E o tal crime de responsabilidade “pedalada fiscal”, do qual Dilma Rousseff foi acusada de cometer e perdeu o cargo, deixou de ser crime dias depois de Temer assumir, sendo legalizado pelo próprio Congresso. Outra medida de iniciativa do Executivo, voltada para reorganizar as contas públicas, foi a aprovação, no Congresso, do teto fiscal de 20 anos.
Além do teto de gastos, Temer reduziu investimentos em políticas sociais e tomou algumas medidas impopulares, como o envio de uma minirreforma trabalhista para o Congresso, que flexibilizava as relações de trabalho, com o objetivo de aumentar o número de vagas de emprego. “A reforma não alcançou os resultados esperados, porque já estávamos tendo uma queda de produtividade global e aumentou a precariedade do trabalho e informalidade”, disse o PhD em Economia pela Fundação Getúlio Vargas, Euridson Sa Júnior.

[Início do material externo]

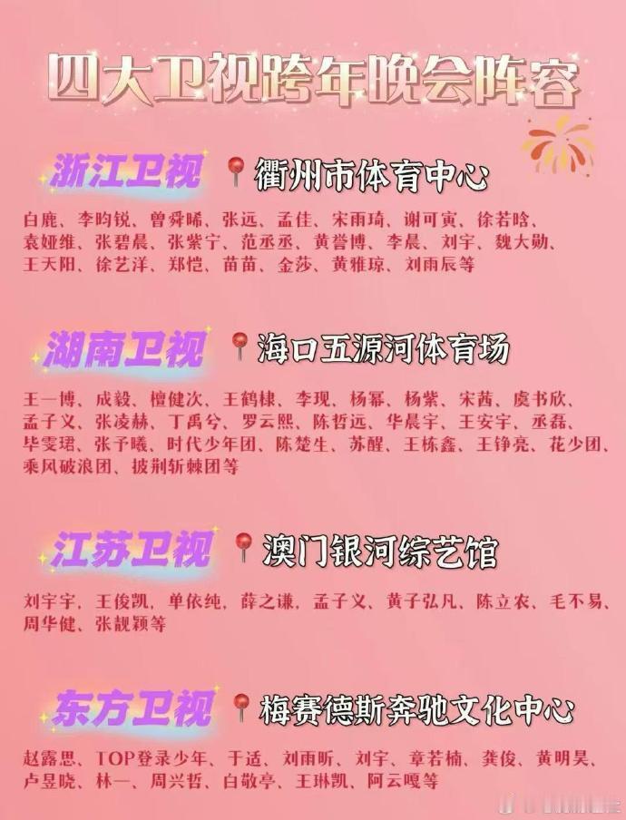 2026四大卫视跨年晚会阵容湖南卫视杀疯了!王鹤棣沈月九年再同台,CP粉直接过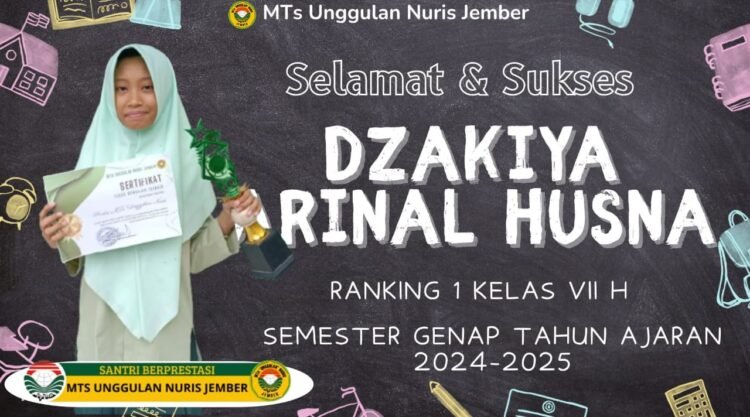 Pesantren Nuris – Kabar membanggakan kembali datang dari MTs Unggulan Nuris. Salah satu siswinya berhasil menorehkan prestasi gemilang pada semester genap tahun ajaran 2024–2025. Dzakiya Arinal Husna, siswi kelas VII H, kembali meraih peringkat pertama pada semester genap.

Outra reforma cuja tramitação foi iniciada no governo Temer, mas aprovada somente no governo seguinte, foi a reforma da Previdência Social. “O Temer entra para ser um reformista, mas é pego com a boca na botija no escândalo da JBS e não consegue cumprir a agenda de reformas prometida”, observou a economista Rita Mundim.

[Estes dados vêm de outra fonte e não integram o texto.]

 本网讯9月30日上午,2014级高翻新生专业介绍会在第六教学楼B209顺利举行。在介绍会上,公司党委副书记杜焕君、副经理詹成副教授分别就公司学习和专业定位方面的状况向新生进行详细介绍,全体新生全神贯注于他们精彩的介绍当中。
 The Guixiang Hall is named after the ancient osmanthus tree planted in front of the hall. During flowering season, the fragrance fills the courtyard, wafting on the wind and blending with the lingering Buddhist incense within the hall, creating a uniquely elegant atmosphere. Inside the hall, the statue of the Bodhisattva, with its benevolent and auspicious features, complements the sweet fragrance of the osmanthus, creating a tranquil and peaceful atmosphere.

Donos do frigorífico JBS, Joesley e Wesley Batista, disseram em delação à Procuradoria-Geral da República (PGR) que gravaram o Temer dando aval para comprar o silêncio do deputado cassado e ex-presidente da Câmara, Eduardo Cunha (PMDB-RJ), preso na Operação Lava Jato. O áudio vazou e fez com que Temer perdesse a credibilidade para aprovar as reformas estruturantes no Congresso, segundo Rita.
Outra medida tomada no mandato-tampão de Michel Temer, ainda em 2016, foi acabar com a política de intervir nos preços de combustíveis, do governo Dilma. Uma das mudanças foi na política da Petrobras. “A Petrobras passa a atrelar o preço ao mercado internacional. (…) Isso é muito criticado por uma corrente de economistas mais à esquerda que entendem que a estatal deve cumprir uma função social”, afirmou a doutora em Economia, Débora Freire.
O fato é que as intempéries no exterior fizeram o preço dos combustíveis aumentar, o que ocasionou, em maio de 2018, uma grande greve de caminhoneiros, incentivada pelo então deputado federal Jair Bolsonaro (à época, do PFL), que parou o País. Temer também leiloou a exploração do pré-sal, que ficou com multinacionais.Com tantas medidas impopulares, Michel Temer deixou o governo ao fim de 2018, com apenas 5% de aprovação da população. E Jair Bolsonaro venceu uma das eleições mais conturbadas da história do País, marcada por facada no candidato, pela tentativa de candidatura de Lula, mesmo preso, e pelo fenômeno das fake news via WhatsApp.